Home Forums (SAMFL) Learning Activity: Pet Handling Discussion and Practice (SAMFL) Learning Activity: Pet Handling Discussion and Practice Reply To: (SAMFL) Learning Activity: Pet Handling Discussion and Practice

  • emmajeannotte

    April 25, 2024 at 5:30 pm

    What did you learn that was new to you?

    Using one arm and wrapping it around the chest of the dog, while placing my forearm behind the dog’s hock to help guide them into a sitting position.

    How did the dog respond to your approach?

    When trying to approach the dog from the side, the dog proceeded to freeze, but continued to keep his eye on me. When I asked for the dog to sit, the dog stared at me blankly, so I proceeded to kneel down beside him and once the patient was comfortable with me, I placed one arm around the chest and the other arm behind the hocks and encouraged the dog to sit. At first the dog was a bit confused, but once in the sitting position I positively reinforced the dog with a “good boy” and received a tail wag in return.

    What facial expression, postures or gestures did you notice, and how did you interpret them?

    The dog I tried the approach on was very nervous. The dog was lip licking a lot, pacing/trying to turn in circles, the patient was panting a lot and had his ears pulled back. I could tell the dog was nervous, so prior to approaching him I allowed the dog to roam the exam room and get used to me by allowing him to smell me and smell the room.

    If you are experienced in canine behaviour and handling, what aspects of the material do you feel are most essential?

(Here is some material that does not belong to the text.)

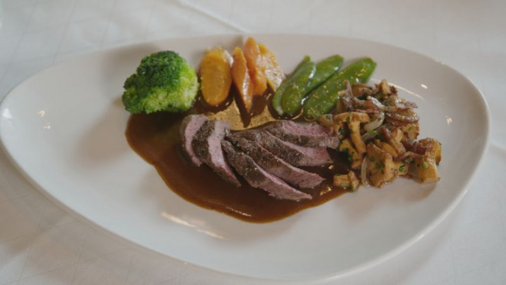 Hauptspeise der Schweizer Wirtin in Schlegldorf: Rehrücken auf Wacholderrahmsauce mit Gartengemüse, Pfifferlingen und Topfenspätzle.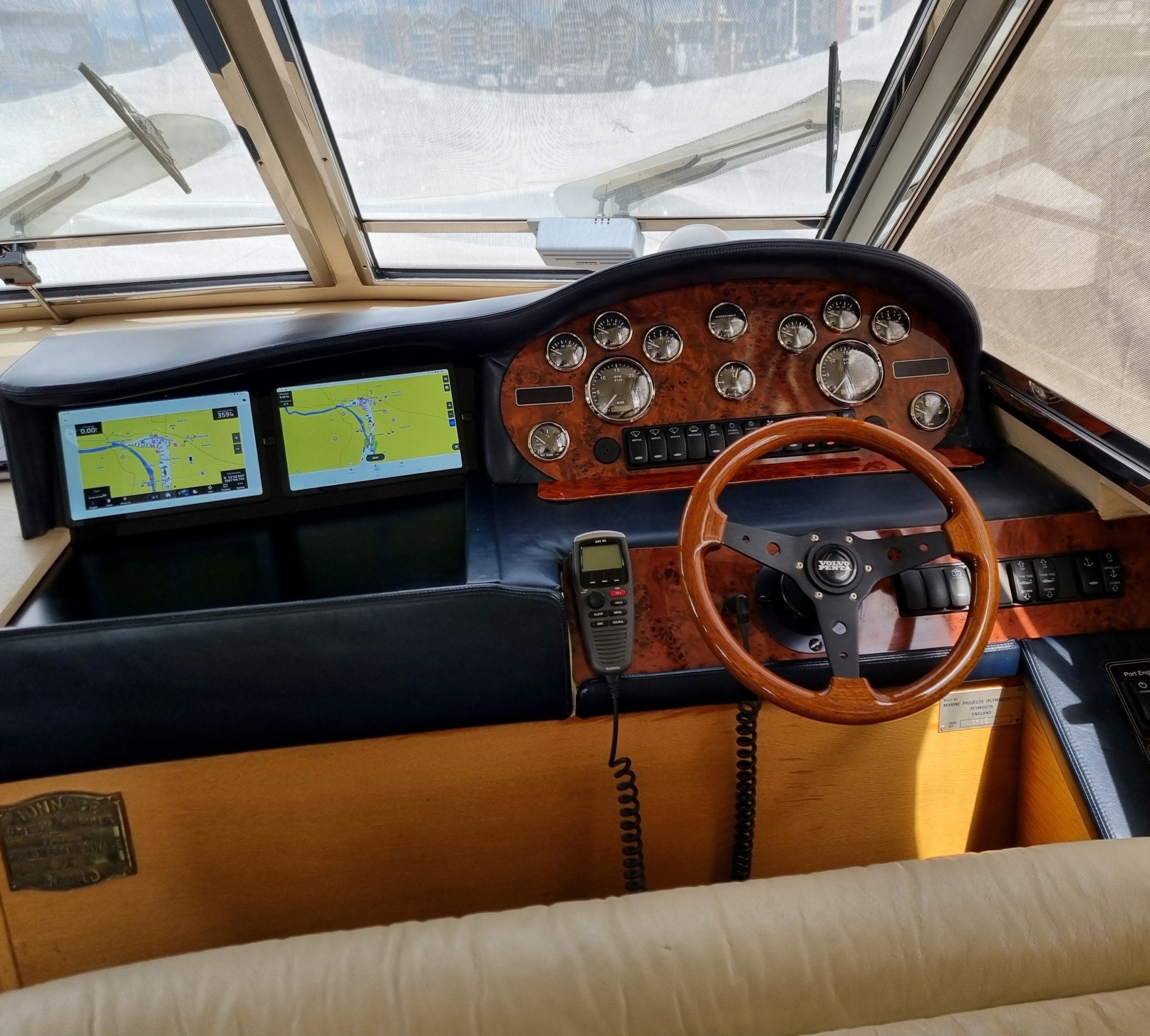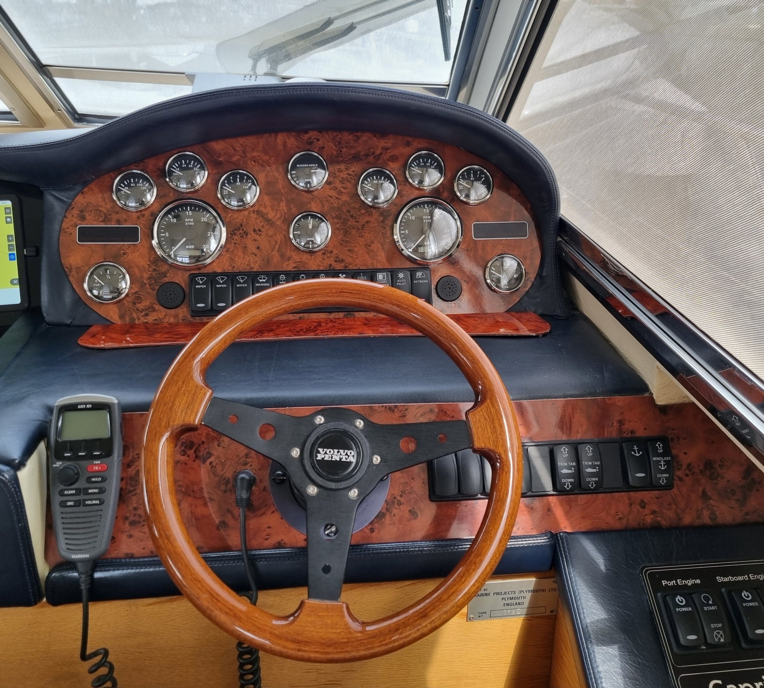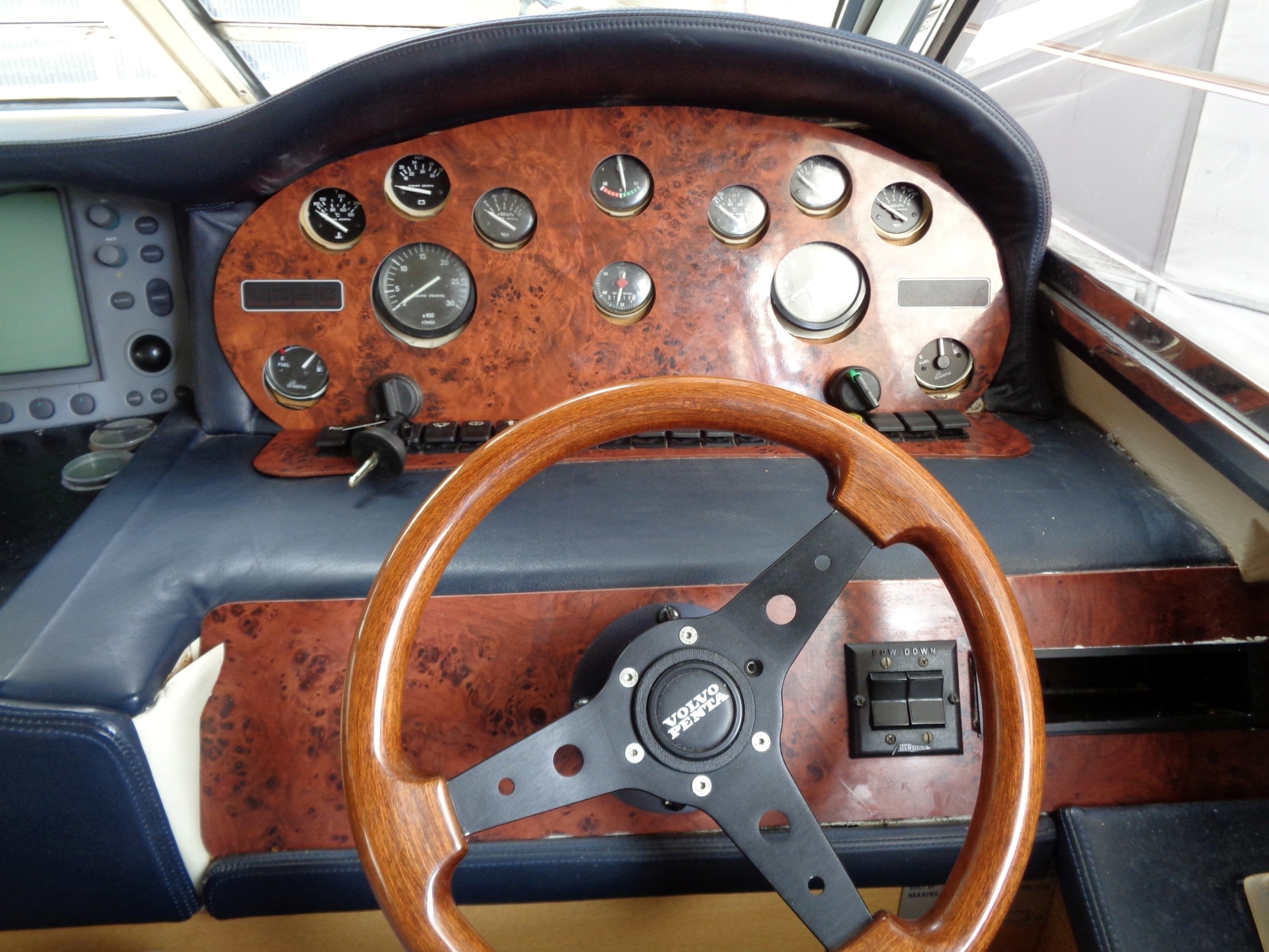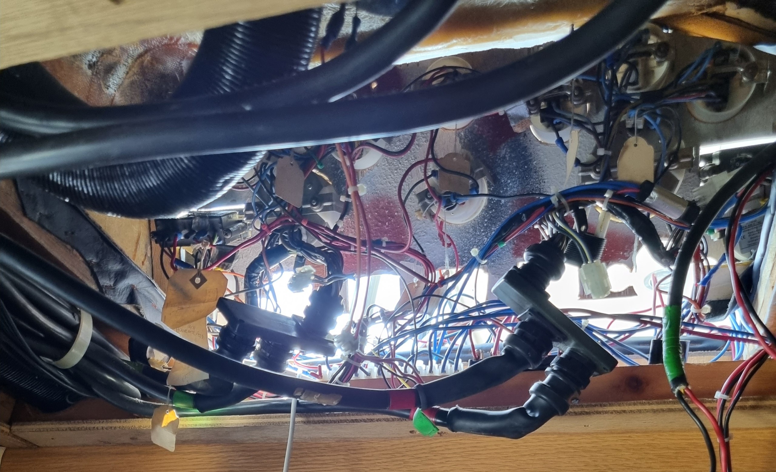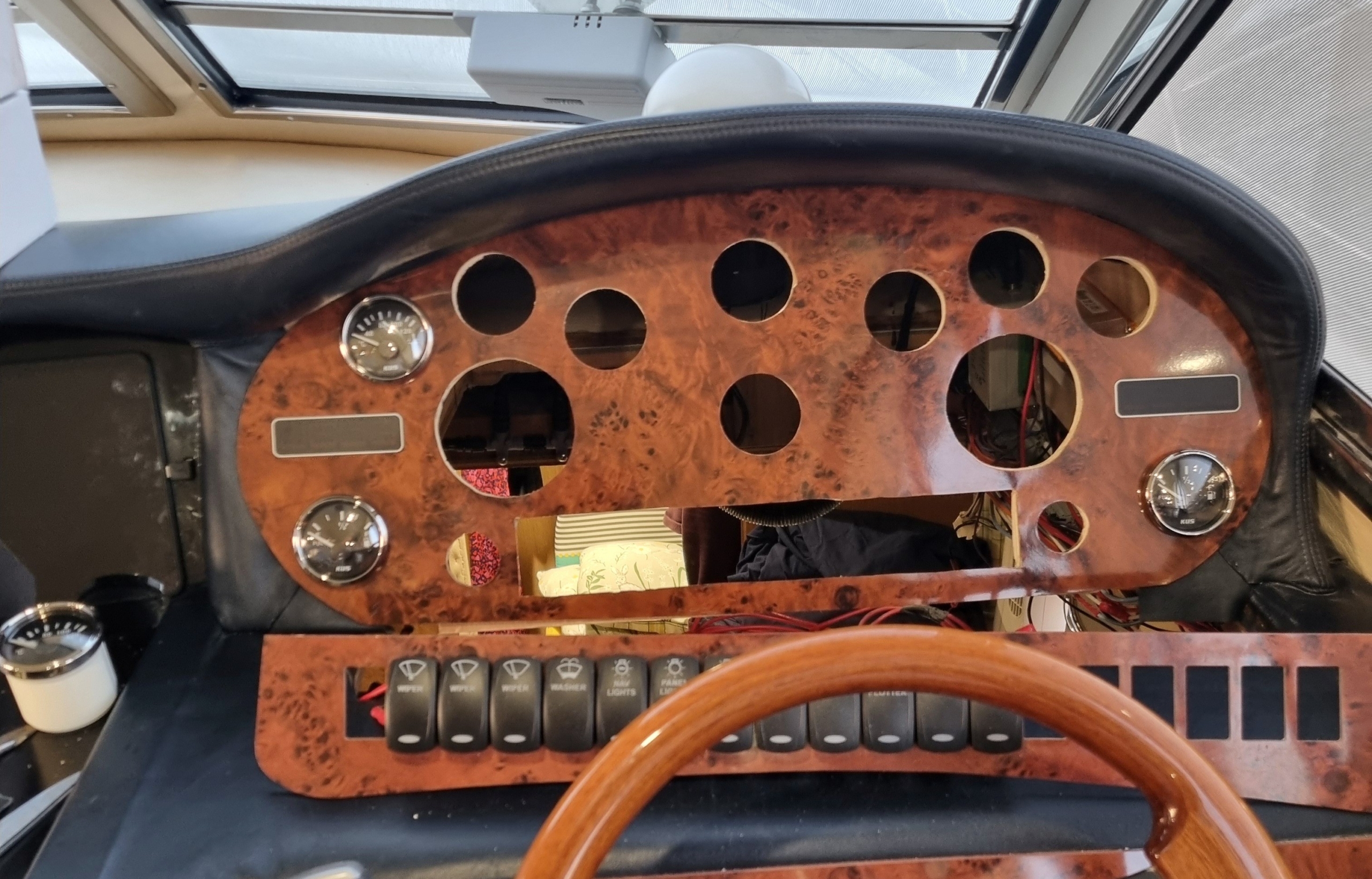 Although someone had fitted a more modern helm, the radar and plotter were ancient and they had made a very poor job of fitting the engine gauges. The walnut effect panel was not actually fixed in place, it just hung on the gauges, frequently falling down.

    Knowing and understanding canine and feline body language and how to respond appropriately.

    Do you have a story about an experience with behaviour and handling that exemplifies the importance of proper equipment and handling?

    Working in emergency, sometimes we get so caught up in trying to get things done in a timely manner that we forget the importance of watching a dog’s behaviour/posture before restraining an animal for an injection. A coworker of mine was assisting a doctor by restraining a dog for an IM injection. The dog’s ears were pulled back, his tail was tucked and he was giving my coworker the side eye. Both the doctor and my coworker were in such a rush that they decided to give the dog the IM injection and when the injection was given the dog reacted and turned to bite my coworker. If my coworker and doctor took a bit more time to observe the patient, they may have considered muzzling the dog to protect them both from being bitten.

    How has knowing how to read dog behaviour kept you and the dog(s) safe?

    It has allowed me to know when a dog is requiring a break before the dog reaches its breaking point and tries to bite people.